Because Bhasin was on a three year contract which had been renewed twice. Even though Bhasin had a 60 day termination clause, the supreme court effectively set aside the termination clause, called Bhasin a ‘relational’ contract and granted him damages equal to the value of his business. In effect the dominant party in Bhasin was required to buy Bhasin’s business.
In Callow we have a snow-clearer, whose two-year contract has been renewed once. He was given his ten day notice and termination after the summer of the next contract period.
What does summer have to do with it?
Callow had a separate summer contract in which he did more than was required in order to keep the dominant party interested in renewing his contract. O’Bonsawin J. determined that it was dishonest for Baycrest to let Callow go forward with the summer contract, including the ‘free extras’ when Baycrest knew they were not going to renew.
Callow was in all material aspects equivalent to Bhasin so it is interesting to watch its development.
Even though the supreme court of Canada did not state its position in employment law terms, the essence of the position is this: the little guy, being approximated to a dependent contractor in labour law, his independent status is effectively ignored by the court, as is the contract. He is analogized to an employee and the decision is made implicitly upon employment law dimensions of reasonable notice.
But what about the ten day termination clause: is it irrelevant?
Baycrest argued this this was strictly a case on contract interpretation. There was a ten-day termination clause. End of story.
O’Bonsawin said No!:
58 The problem for CMG is that this is not a simple contract interpretation case. As per Bhasin v. Hrynew, 2014 SCC 71, [2014] 3 S.C.R. 494, good faith performance is a general organizing principle of common law contract. In addition, parties to a contract have a duty to act honestly in performing their contractual obligations (Bhasin, at paras. 33-34).
What this mean in application was:
65 In Callow’s case, CMG actively deceived Callow from the time the decision was made to terminate the winter maintenance services contract in either March or April to September 12, 2013. More specifically, CMG acted in bad faith by (1) withholding the information to ensure Callow performed the summer maintenance services contract; and (2) continuing to represent that the contract was not in danger despite CMG’s knowledge that Callow was taking on extra tasks to bolster the chances of renewing the winter maintenance services contract.

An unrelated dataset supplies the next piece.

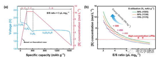 图. LiPS演化的计算。(a)锂硫电池的典型放电曲线和低E/S比下总S组分的浓度变化。(b)不同E/S比和不同硫利用率下可溶性LiPS的浓度变化。

67 CMG did not perform the contract pursuant to the minimum standard of honesty. CMG’s delay to provide notice to Callow failed to provide a fair opportunity for the latter to protect its interests. The minimum standard of honesty would have been to address the alleged performance issues, to provide prompt notice, or to refrain from any representations in anticipation of the notice period
The interesting thing about this is that the Court of Appeal reversed!